Her works linger somewhere between bright fantasy and the darkness of a nightmare vision -- a magnificent blue carousel horse goes suddenly wild as a small girl hangs on for dear life, a Cinderella clad in white robes grapples with her pumpkin "head," formerly friendly acquaintances quickly turn into ominous strangers. Patterson treats her cast of characters as specimens -- the angelic grandmother, the muscled waitress, the eccentric woman dressed in floral kimono and headdress, the obnoxious bride that looks like an inflatable doll. Each has her own story to tell, which could be pleasant, or could be shocking. Either way, Patterson's array of weird curiosities often present women playing out roles -- perhaps happily, perhaps without choice, perhaps without a clear picture of their own situation.

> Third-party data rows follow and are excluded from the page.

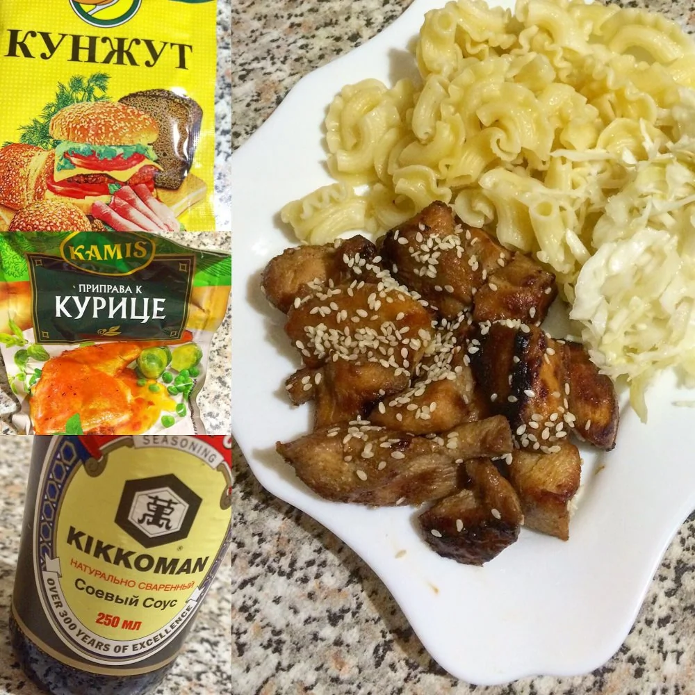 ШАГ 2 Посолите их, приправьте черным молотый перцем, имбирем и карри. Добавьте соевый соус.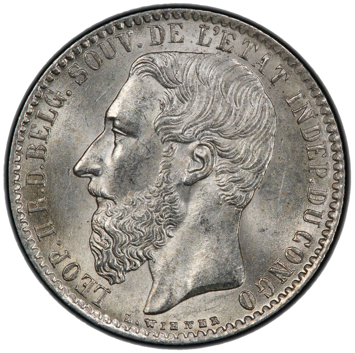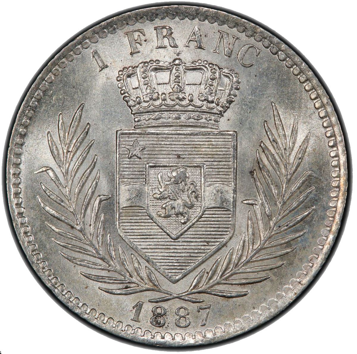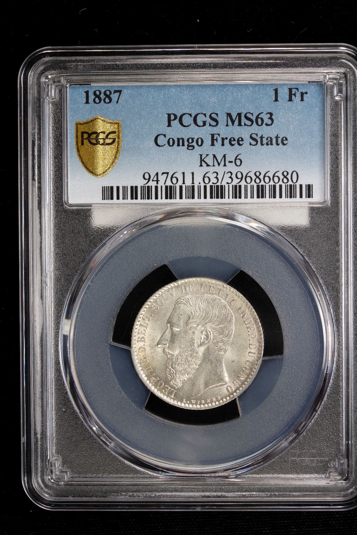 BELGIAN CONGO: Leopold II, 1885-1908, AR franc, 1887, KM-6, Congo Free State issue, cartwheel luster, PCGS graded MS63.
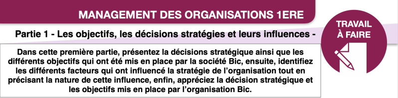 PARTIE 1 - Les objectifs, les décisions stratégiques et leurs influences

That fusion of edgy uncertainty and anxiety with a firm certitude is also the core of Alexander's buoyant colored-pencil drawings. Alexander obsessively fills up almost every inch of paper with an onslaught of images -- cartoonish eyes, flailing, groping, helping hands -- and stylized patterns of interdependent abstract shapes. Such expressiveness often verges on the hallucinogenic; it grapples with intimate memories, visions and the unknowable. In any case, it doesn't affirm the status quo, but suggests an urgent need to draw an alternate world explored over time. Not a wild or crazy style, Alexander's vision is highly ordered, often symmetrical and full of implied movement. I Dropped Grandma's Pie depicts pieces of meringue with extended arms floating on a pink ground. Moreover, works composed wholly of skittering spiders suggest a terrible purity to Alexander's vision, an effect of selfless concentration on an unfolding narrative that is not under her control, although perhaps fueled by her passions.

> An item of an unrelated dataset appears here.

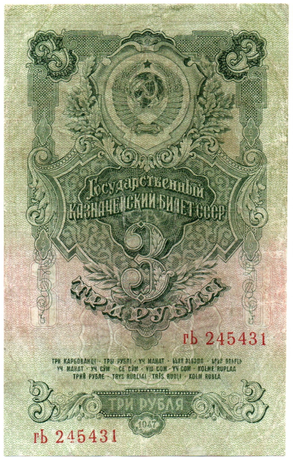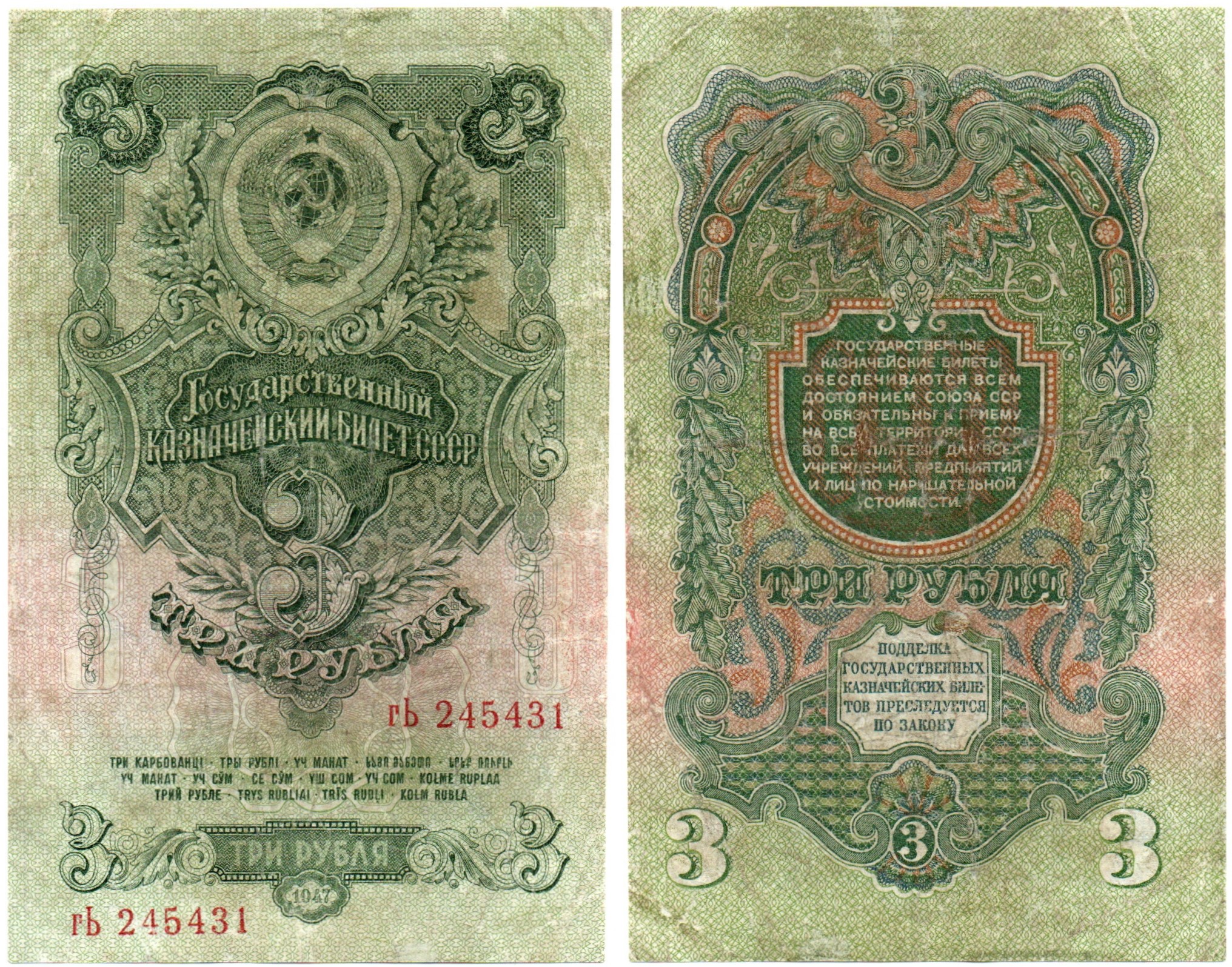 3 рубля 1947 год Казначейский билет СССР. гЬ 245431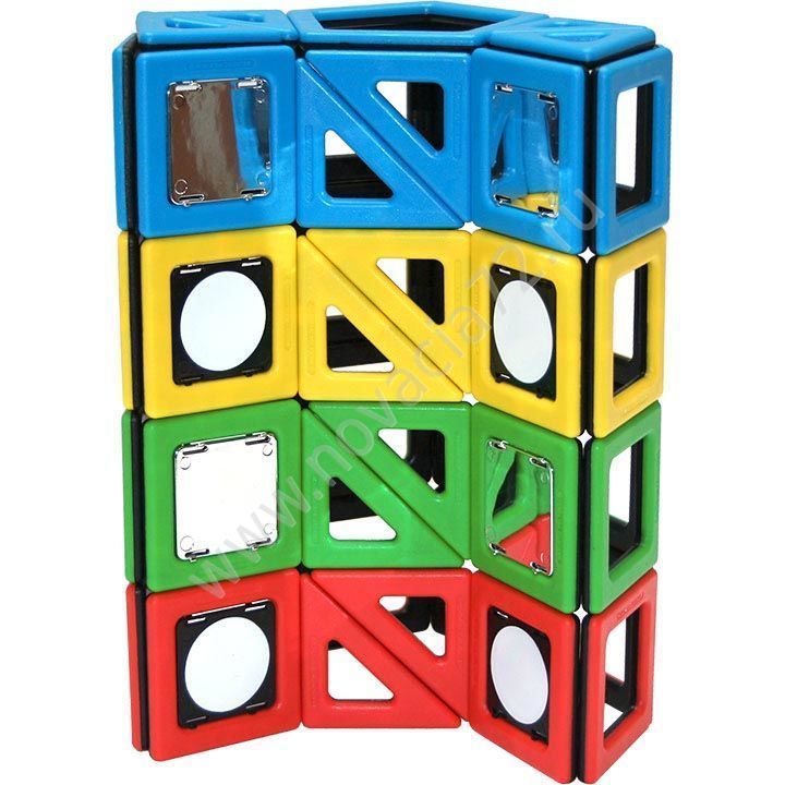 Занимаясь с данным набором, дети научатся строить различные конструкции и фигуры, познакомятся с основами математики, геометрии и дизайна. Зеркальные панели позволяют детям освоить знания о свойствах светового луча и отражения, а пластиковые панели позволяют на них писать и выкладывать из деталей различные задания, осваивать навыки счета, письма и формировать задания на классификации.

Much of the time, however, one gets the feeling that Alexander's visions of nude girls and boys sitting at pinwheel-like "posey" tables, or diagonal rows of black balls hurling toward an exotic female dancer, are less finished products than records of explorations. Polymorphously perverse and sweet, they seem to come from the hand of a child still too naive to disguise the depths of her own aggression. Whether approximating reality or imagination, these associations stimulate our own contemplations on the relative nature of past and present, instinct and memory. Like richly patterned board games, Alexander's visions enable us to travel through a land of monsters, wild beasts and fairy-tale creatures, the sort of pictorial images that stay with a child, yet pop up in one's dreams.